CBSO/Collon review – frisson of theatricality for Holst's quiet masterpiece

3 / 5 stars

Symphony Hall, Birmingham
Yvonne Howard and James Rutherford brought steely power to the mystical chamber opera Sāvitri, though a fierce Planets suite lacked depth

Nicholas Collon
Everything brightly lit … Nicholas Collon. Photograph: Chris Christodoulou/BBC

Sāvitri, Gustav Holst’s half-hour long chamber opera, gets far fewer performances than it deserves. It may seem an unlikely blend of English pastoralism and oriental mysticism – the story of Sāvitri, whose love for her husband convinces death not to take him, comes from an episode in the Mahabharata – but it’s one of the quiet masterpieces of 20th-century British music, which can be almost as dramatically effective in the concert hall as it is when fully staged.

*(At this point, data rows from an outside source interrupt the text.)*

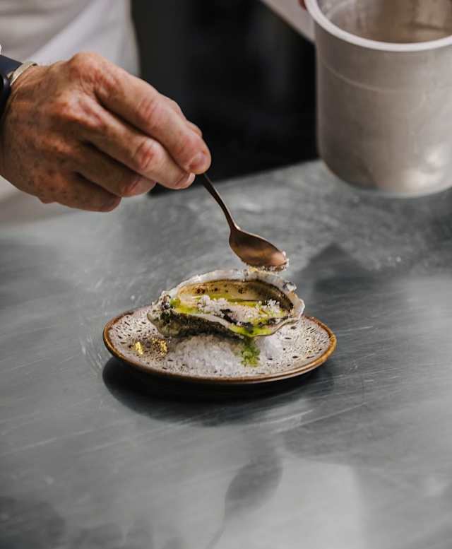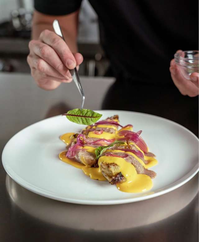 - Animella fritta, salsa carota e zenzero, fondo bruno di pecora, mizuna del nostro orto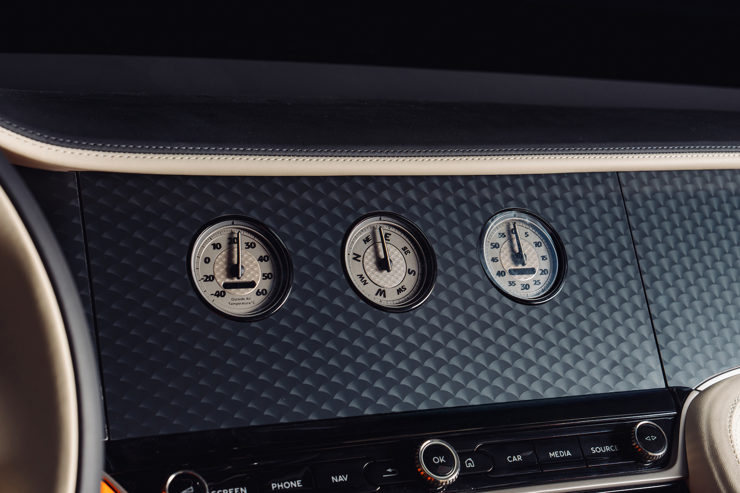 The specification of this Batur Convertible reveals a passion for detail on the part of the commissioning owner, brought to life by the meticulous craftsmanship of the Mulliner team. The fascia and door waistrails are executed in a subtle satin black engine spin finish, with gloss Beluga veneer for the centre console. Outer dial bezels are finished in Beluga while the dial faces themselves are finished in light titanium.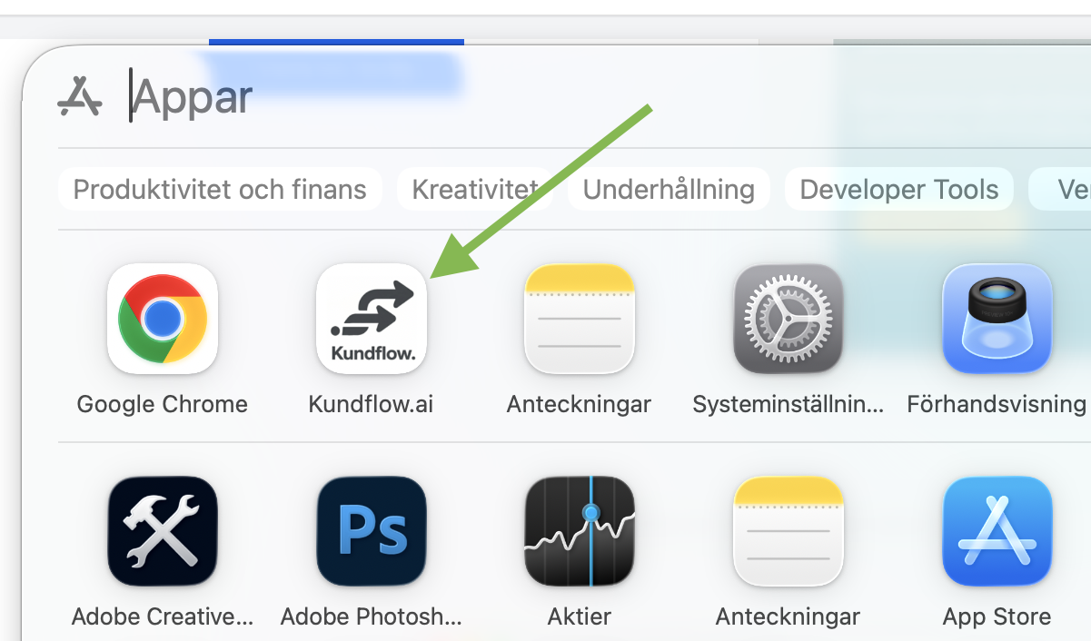 Ladda ner, installera och starta från desktop varje gång istället för i Chrome. Logga in med samma email + password som du har för "vanliga" Kundflow/PSF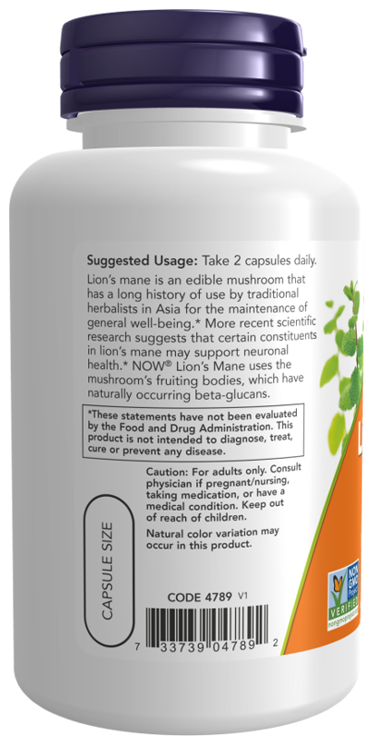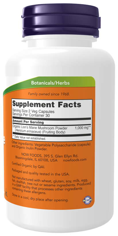 NOW Org Lion's Mane Mushroom, 60 капсул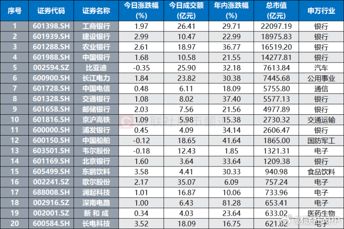 注:总市值居前且今日创年内新高的个股(截至7月15日收盘)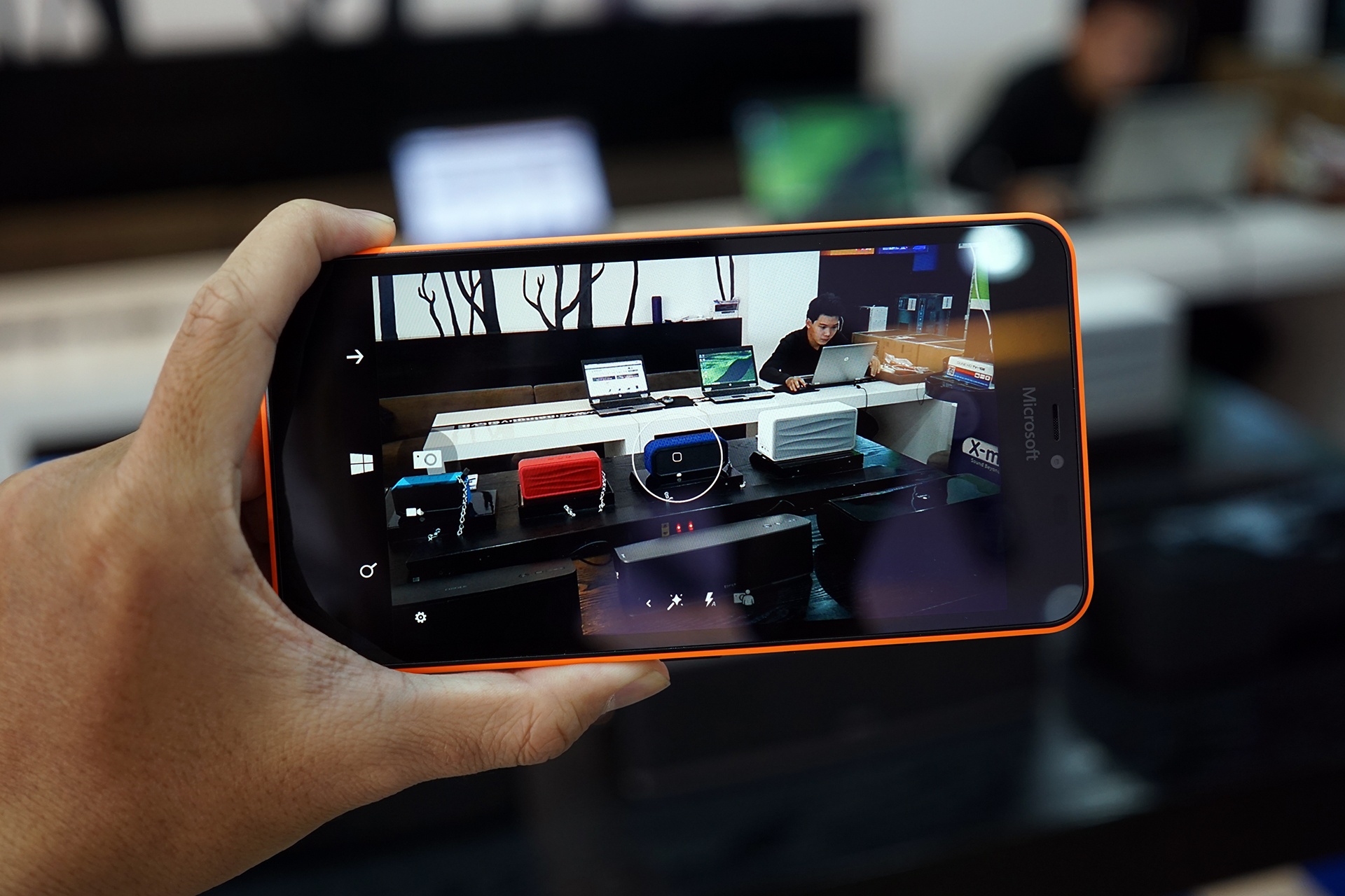 Microsoft mang đến cho chiếc phablet giá rẻ của mình nhiều trang bị cao cấp như camera 13 MP, ống kính Zeiss, màn hình có Glance báo giờ.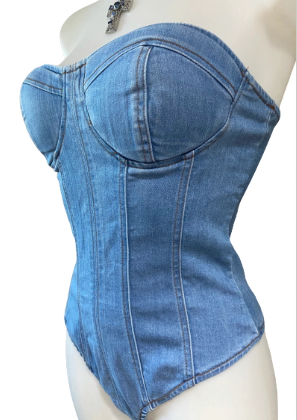 🦃 NWT! Blāshe Light Blue Denim Push up Padded Bra Bustier Body Suit Small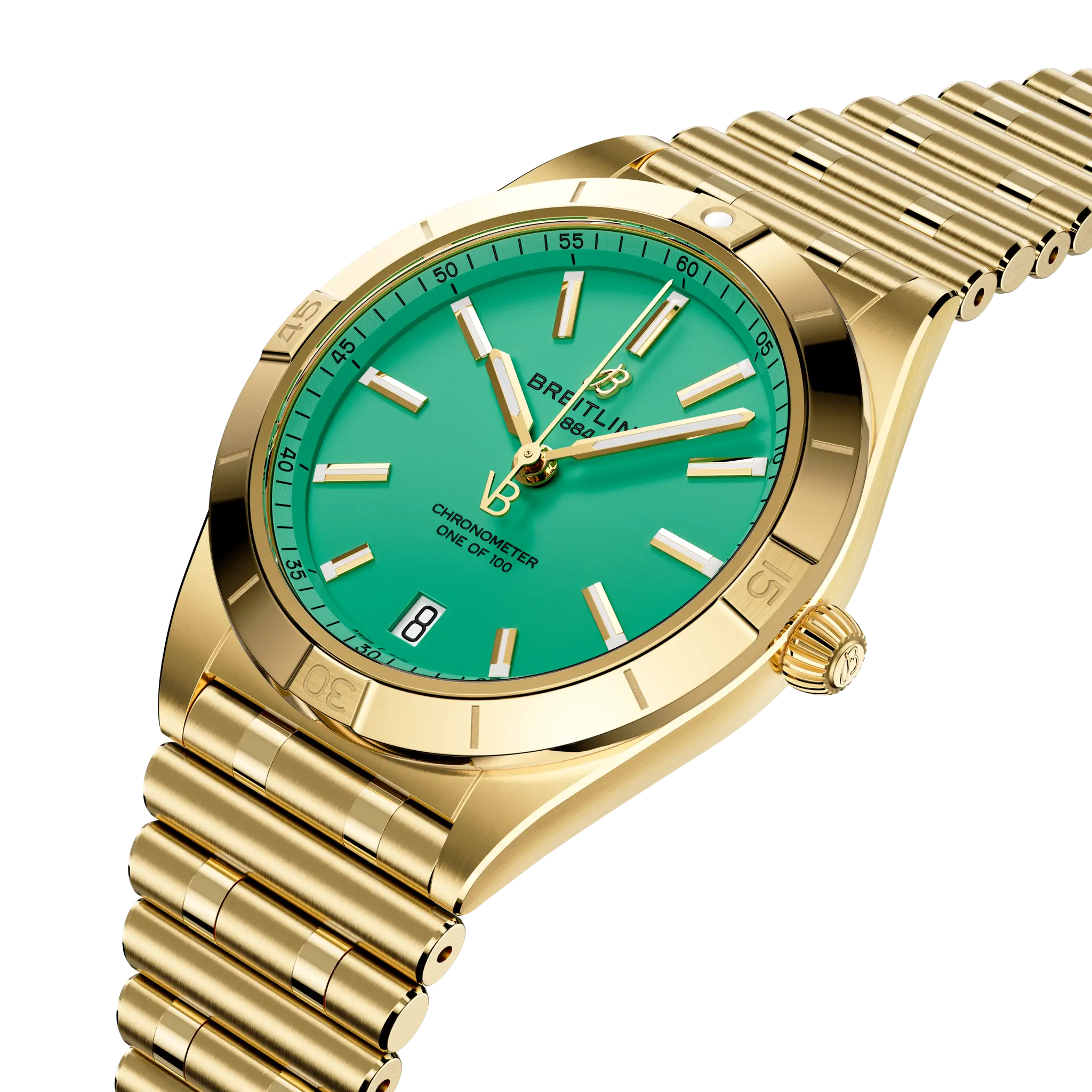 Breitling Chronomat Automatic K103801A1L1K1 36mm Greenish Turquoise Dial Uni-Directional Ratcheted Bezel 18k Yellow Gold Watch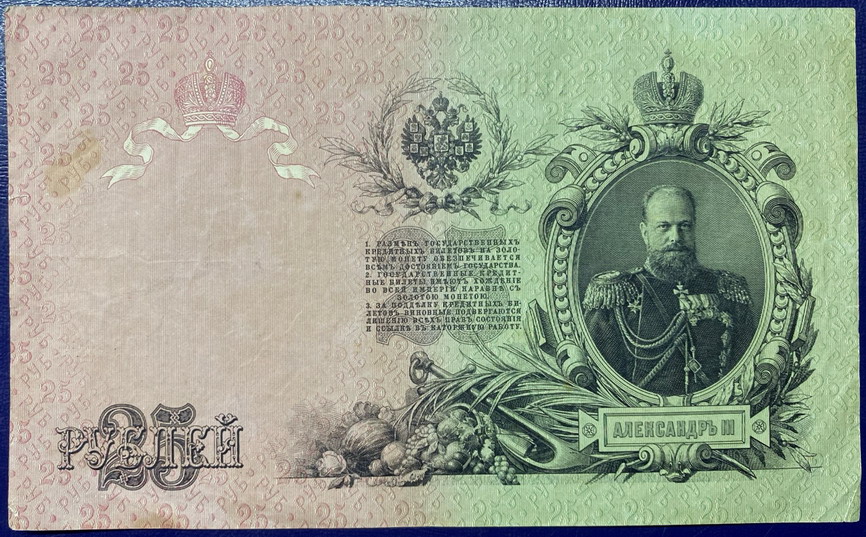 Предложу лот - 25 рублей 1909 года,Российская Империя. отличная купюра. Состояние на фото.

The City of Birmingham Symphony Orchestra’s last performance of Sāvitri was nine years ago. This one, conducted by Nicholas Collon, was nominally a straightforward concert version, but a darkened auditorium, judicious lighting and some well-judged entrances and exits gave it a frisson of theatricality. Yvonne Howard (replacing Sarah Connolly, who was ill) was Sāvitri, showing just enough steel and resolve beneath the emollient vocal surfaces to make her character more realistic than merely symbolic, and Robert Murray was her husband, Satyavan. James Rutherford was Death, projecting his lines with persuasive power whether on or off stage, while the CBSO Youth Chorus supplied the wordless female choir.

The opera formed the first half of an all-Holst evening, and his suite The Planets, almost inevitably, made up the second. The performance set off at a tremendous rate, with fiercely incisive playing from the CBSO, which never flagged. But Collon never really found any other gears: everything was brightly lit and a bit too strident; even movements such as Venus and the final Neptune lacked the distance and mystery needed. The Planets may be a brilliant orchestral showpiece, but there’s more to be found in the score than that.